======== Source material
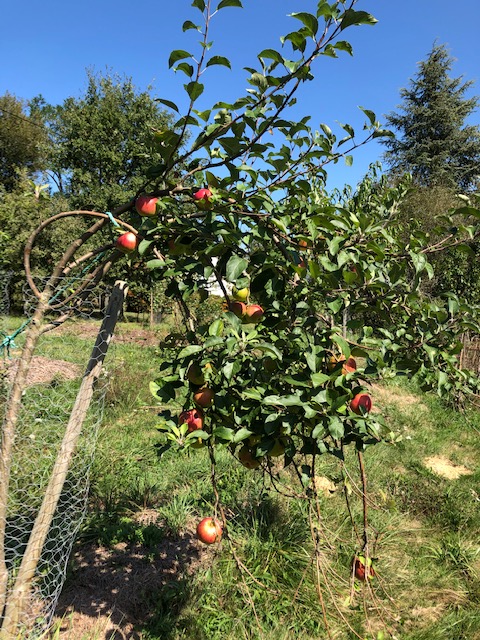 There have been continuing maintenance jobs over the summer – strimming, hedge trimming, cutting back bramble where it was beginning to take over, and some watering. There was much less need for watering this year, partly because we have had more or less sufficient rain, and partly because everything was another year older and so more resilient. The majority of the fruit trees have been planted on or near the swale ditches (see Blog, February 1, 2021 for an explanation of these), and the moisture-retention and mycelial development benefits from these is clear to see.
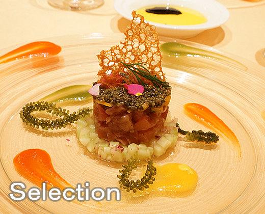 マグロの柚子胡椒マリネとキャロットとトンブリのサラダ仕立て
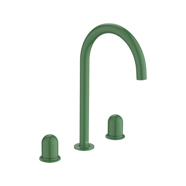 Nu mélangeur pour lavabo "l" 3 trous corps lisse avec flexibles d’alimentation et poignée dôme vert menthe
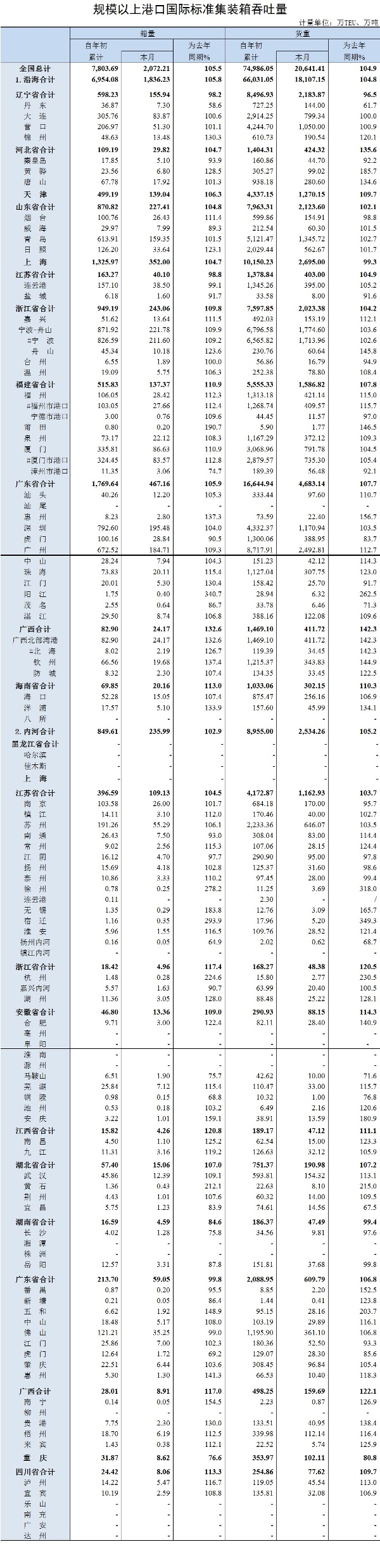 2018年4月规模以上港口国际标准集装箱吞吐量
================
======== Source material
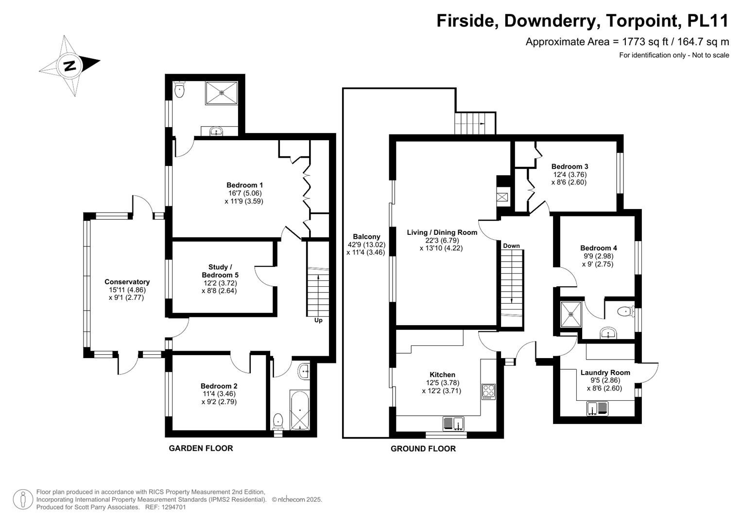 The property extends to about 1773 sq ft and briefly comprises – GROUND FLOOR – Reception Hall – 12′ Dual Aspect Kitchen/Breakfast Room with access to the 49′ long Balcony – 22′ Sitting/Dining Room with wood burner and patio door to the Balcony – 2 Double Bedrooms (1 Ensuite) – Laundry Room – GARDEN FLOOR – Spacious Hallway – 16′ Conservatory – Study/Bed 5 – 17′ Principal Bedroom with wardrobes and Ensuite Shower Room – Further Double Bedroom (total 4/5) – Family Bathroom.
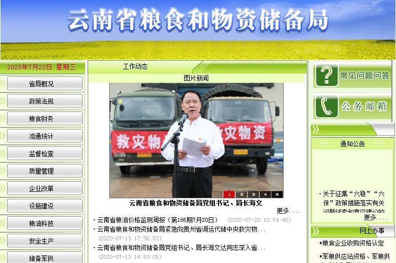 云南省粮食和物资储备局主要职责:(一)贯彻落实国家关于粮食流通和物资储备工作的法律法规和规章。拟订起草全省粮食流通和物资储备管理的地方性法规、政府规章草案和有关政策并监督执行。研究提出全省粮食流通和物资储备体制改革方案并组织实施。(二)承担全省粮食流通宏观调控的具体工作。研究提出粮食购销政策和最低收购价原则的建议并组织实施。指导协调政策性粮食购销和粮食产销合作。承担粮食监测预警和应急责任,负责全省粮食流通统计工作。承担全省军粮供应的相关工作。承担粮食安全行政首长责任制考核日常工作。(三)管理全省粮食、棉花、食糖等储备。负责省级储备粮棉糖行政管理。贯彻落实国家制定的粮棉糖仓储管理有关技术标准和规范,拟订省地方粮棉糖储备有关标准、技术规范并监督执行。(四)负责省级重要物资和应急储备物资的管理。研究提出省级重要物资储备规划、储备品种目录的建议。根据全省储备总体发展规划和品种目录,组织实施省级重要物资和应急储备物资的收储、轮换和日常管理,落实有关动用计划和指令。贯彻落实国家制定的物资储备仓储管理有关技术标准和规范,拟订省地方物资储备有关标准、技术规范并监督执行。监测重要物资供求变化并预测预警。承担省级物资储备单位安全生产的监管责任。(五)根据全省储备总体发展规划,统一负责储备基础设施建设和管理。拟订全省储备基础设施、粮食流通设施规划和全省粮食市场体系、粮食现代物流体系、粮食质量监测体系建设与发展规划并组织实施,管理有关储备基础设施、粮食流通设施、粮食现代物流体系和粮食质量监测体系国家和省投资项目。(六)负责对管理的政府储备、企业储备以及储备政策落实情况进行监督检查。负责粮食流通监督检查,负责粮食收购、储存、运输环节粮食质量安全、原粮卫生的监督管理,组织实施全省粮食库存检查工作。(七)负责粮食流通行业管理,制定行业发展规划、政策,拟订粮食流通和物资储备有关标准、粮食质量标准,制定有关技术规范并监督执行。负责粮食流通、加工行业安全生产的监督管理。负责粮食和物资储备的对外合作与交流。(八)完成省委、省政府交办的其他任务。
================
Copy the lines above between the one holding "マグロの柚子胡椒マリネとキャロットとトンブリのサラダ仕立て" and the one holding "2018年4月规模以上港口国际标准集装箱吞吐量", inclusive. Drop the pictures.

 マグロの柚子胡椒マリネとキャロットとトンブリのサラダ仕立て
 Nu mélangeur pour lavabo "l" 3 trous corps lisse avec flexibles d’alimentation et poignée dôme vert menthe
 2018年4月规模以上港口国际标准集装箱吞吐量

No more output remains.